Глава 1. 171-й год.
До сих пор трудно вспоминать всё, что было. Теперь вспоминаешь то, что было много лет назад, и словно живёшь заново, снова слышишь те же самые звуки, которые слышал тогда, видишь то же, что видел тогда, и всё это кажется реальным до боли, до хруста костей сжатых кулаков.
Когда открываешь глаза, всё кажется вокруг призрачным — и серая, тёмная вода реки, крик чайки, белым крылом разрезающей опускающийся туман, и сырость мокрых камней сквозь подошвы ботинок, холод бетонной стены за спиной, и едва слышный шелест наползающей на берег свинцовой волны.
Память — безжалостный хирург.
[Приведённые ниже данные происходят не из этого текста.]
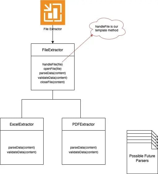 Once I had a ticket where the goal was to refactor our data file extractor service. Visually it would reflect on having to upload a file, such as a PDF or an excel. After the upload, we needed to extract all the file data and display it through a pretty UI. We all knew that another new file type was heading our way in a future sprint, reinforcing the need for such refactoring.
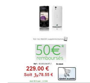 A noter qu’on peut l’obtenir egalement à moins de 150€ en formule à carte chez virgin mobile, mais il n’est pas sur à 100% qu’il sera non simlocké .. (voir l’article Smartphone Xperia Ray qui revient à 149 euros en formule à carte prépayée .. non simlocké à priori )

Только позволишь ей — и она вскроет острым хромированным лезвием скальпеля старые зажившие пласты воспоминаний и будет перебирать их тонкими длинными пальцами — это был хороший день, а это плохой, вот это было неплохо, а это не хочется и вспоминать. Она будет крутить прожитые дни и так и этак, смотреть их на свет, причмокивать губами, осуждая или хваля, и успокоится, разложив всё по полочкам, по привычным местам, похожим на старое кресло-качалку с продавленным сидением и клетчатым пледом в ногах. Она успокоится на время, чтобы ожить от какой-нибудь мелочи, какой-нибудь занозы в памяти — ожившего воспоминания. И так будет всегда.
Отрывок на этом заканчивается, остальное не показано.